# How do I check cam lean?



## VinZ (Apr 30, 2007)

get two arrows and hold next to the cam (see photo). The points should meet (or almost meet) in the middle. 
You can also adjust your center shot like this - place an arrow on the riser neer the arrow rest, place an arrow on the string and rest, see if the arrows are aligned.

ps: you _cannot _use this methode with tappered or barreled arrows!


----------



## jackhorner (Nov 7, 2006)

*with thanks*

its about 1/16" out, is this anything to worry about. thanks again Brett


----------



## SonnyThomas (Sep 10, 2006)

jackhorner said:


> its about 1/16" out, is this anything to worry about. thanks again Brett


Nope.

As for the wear, check for roughness in cam/string groove. And then some cams are just tough on servings.


----------



## Todzilla (Feb 27, 2005)

*draw stop*

check to see if you are hitting your draw stop on the bottom cam after the shot. your cables may be out of time .Look at them un drawen and see how far cable is away from stop. Remember cams over extend after shot.


----------



## jackhorner (Nov 7, 2006)

Are you taking about the draw stop peg? If so that is the farthest part of the cam away from the cables


----------



## jackhorner (Nov 7, 2006)

SonnyThomas said:


> Nope.
> 
> As for the wear, check for roughness in cam/string groove. And then some cams are just tough on servings.
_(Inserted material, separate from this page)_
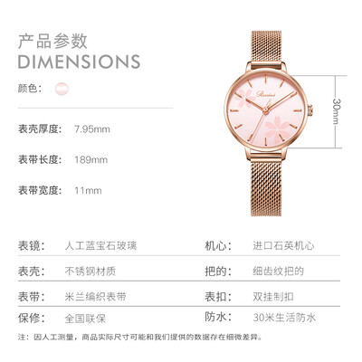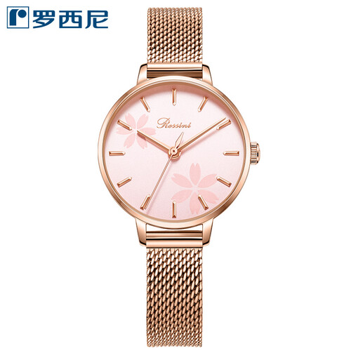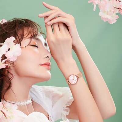 表盘采用错落有致的樱花暗纹设计,打破单调性,带来生动的美感。选用金属巧妙编织的米兰钢带,光泽莹亮,气质出众增添魅力。

I do have a bit of roughness there, as I use a stand behind the stabiliser and the cam sits on the ground. I smoothed it off and now sit my bow down differently. thanks Sunny Thomas


----------



## jackhorner (Nov 7, 2006)

*Todzilla*

Does this show what you mean? There is contact from the buss cable even though when idle it has a 1/8" gap.








thanks Todzilla


----------



## Todzilla (Feb 27, 2005)

*No*

I have the same on my bow. you shouldn't be worried. I was miss spoken what I meant to say was, where the control cable hooks to there should be approx 3/16 clearance between the post and the cable.Your photo shows that you have enough clearance , I would do as suggested above and check for burrs


----------



## jackhorner (Nov 7, 2006)

*Thanks*

Thanks for your help guys:thumb:


----------



## MECHDOC (Feb 17, 2008)

Try the bowplane II lazer.Works awesome casts a lazer 360 along inside perimeter of bow.Check out there web site link below.
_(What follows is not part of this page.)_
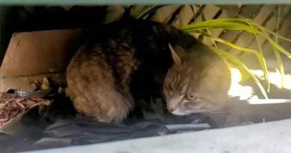 Cat keeps Her kittens Under a Trunk from the Rain Until They are Found and Taken into Warm Home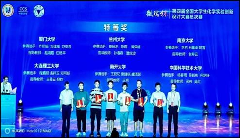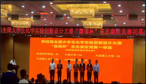 7月4日—6日在黑龙江大学举办的东北赛区比赛中,大连理工大学选送的三支队伍中程嘉硕、孟祥玉和邓可妍组成的多彩超铜变变变队(新创实验,指导教师:王秀云、倪钧)和王一鸣、吴浩宇、赵铭宇组成的“EDTA铁钠攻坚”队(改进实验,指导教师:王秀云、宿艳)均荣获东北赛区一等奖,由舒适、张师卓、刘鑫磊组成的“Chem DSSC”(科普实验,指导教师:于泽、潘玉珍)获东北赛区二等奖。多彩超铜变变变队在第一轮小组答辩中排名第一,成功晋级全国总决赛,并斩获特等奖。

http://www.doubletakearchery.com/bowplane/features.htm


----------



## jackhorner (Nov 7, 2006)

*Sounds Good*



MECHDOC said:


> Try the bowplane II lazer.Works awesome casts a lazer 360 along inside perimeter of bow.Check out there web site link below.
> 
> http://www.doubletakearchery.com/bowplane/features.htm


I just bought the other lazer, that mounts in your sight holes and can't afford both.


----------



## Hoyt Thompson (May 7, 2007)

jackhorner said:


> Does this show what you mean? There is contact from the buss cable even though when idle it has a 1/8" gap.
> 
> 
> 
> ...


The measurement that Todzilla was talking about is where I placed the RED dot. you need atleast 3/16" here or it will strike the Control cable and damage the serving/string there.

The wax mark were I placed the green dot is not uncommon but I would keep an eye on it. If it gets worse then press the bow and see if the cam has any play in it side to side. By the looks of it would say it is just sliding by it during the aftershot occillation and should not give you any worries.


----------